İzmir’in kurtuluşunun 100. Yıldönümünü dil ve edebiyat açısından ele alan Dr. Öğr. Üyesi Ünal Şenel, dilin kullanımına dikkat çekerek günümüzde İzmir’e “Smirna”, Kadifekale’ye “Pagos”, Adalar Denizi’ne “Ege Denizi” denmesi gibi yaygın adlandırmaları eleştirerek İzmir’in Türk kültürünün bütün değerlerinin sembol şehri olduğunu ifade etti. Tarihimizin kıymetini bilmediğimizi vurgulayan Şenel, 9 Eylül günü Halkapınar önlerinde askerlerimizin şehit düştüğü yerin düne kadar bir mezbelelik olduğunu, Bornova’daki şehitliğe ise gereken hassasiyeti göstermediğimizi söyledi. Millet ruhu ile edebiyat arasındaki ilişkiye değinen Şenel, şöyle konuştu: “Mehmet Emin Yurdakul, ‘unutmayın ki şairleri haykırmayan bir millet sevenleri toprak olmuş öksüz çocuk gibidir’ diyor.
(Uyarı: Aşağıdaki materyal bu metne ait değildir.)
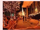
ホワイトイルミネーション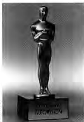
Rekord: '97 gab's 6 Ottocars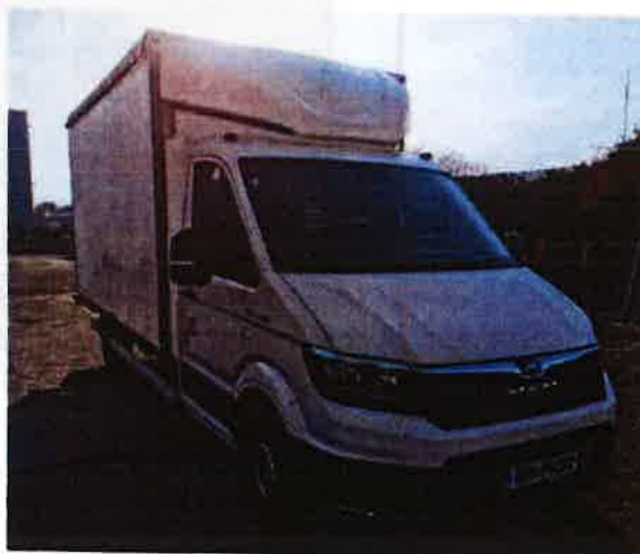
Fotografija 18: Vozila za prevoz in zbiranje nevarnih odpadkov

Za zbiranje in prevoz nevarnih frakcij uporabljamo specialna vozila, s pokritim kesonom in dovoljenjem za prevoz nevarnih snovi.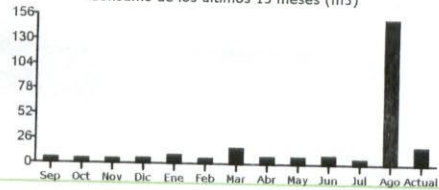
Consumo de los últimos 13 meses (m3)

Timbre Electrónico SII Res. 74 del 2005. - Verifique Documento: www.sii.cl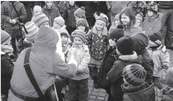
Herzliche Begrüßung durch den Nikolaus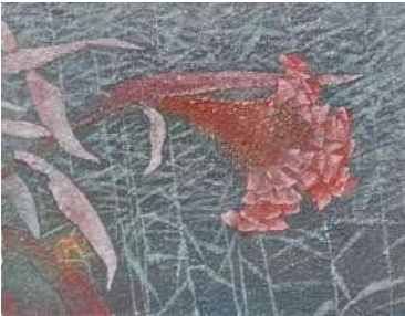
113. ケイトウ (F0)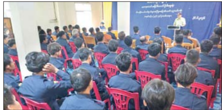
က သီးသန့်မီးသတ်တပ်ဖွဲ့ဝင်များအား အခြေခံမီးသတ်ပညာများ လေ့ကျင့်သင်ကြားပို့ချခဲ့ပြီး နှစ်ပတ်ကြာ ဖွင့်လှစ်သင်ကြားပေးမည်ဖြစ် ကြောင်း သိရသည်။ ခရိုင်(ပြန်/ဆက်)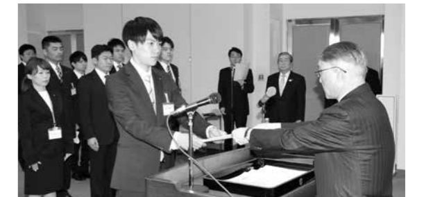
平成30年度 辞令交付式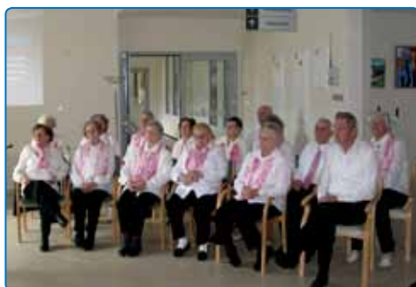
Prireditev Kulturni četrtek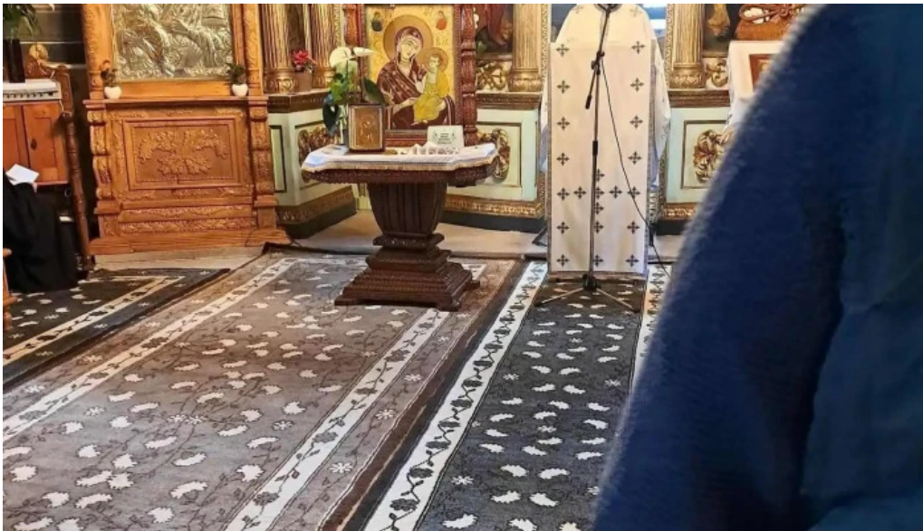
Manastirea brancoveni cele mai recente

O yönden şairler milletin ruhunu temsil eden insanlardır. Eğer şairler susuyorsa milletin değerleri kaybolmuş, kanı donmuş, ruhu yok olmuş ve o millet çok kolay teslim alınabilir hale gelmiş demektir. Bir şehir için ne kadar çok şiir yazılmışsa, o şehir o kadar bizimdir. Bu anlamda İstanbul’dan sonra en çok şiir yazılan şehir İzmir’dir. Yaygın olarak bilinenin aksine Necmettin Halil Onan’ın Çanakkale Savaşı ile özdeşleşmiş olan ‘Bir Yolcuya’ başlıklı şiiri, 1922 yılında Halkapınar Şehitliği için yazılmıştır.”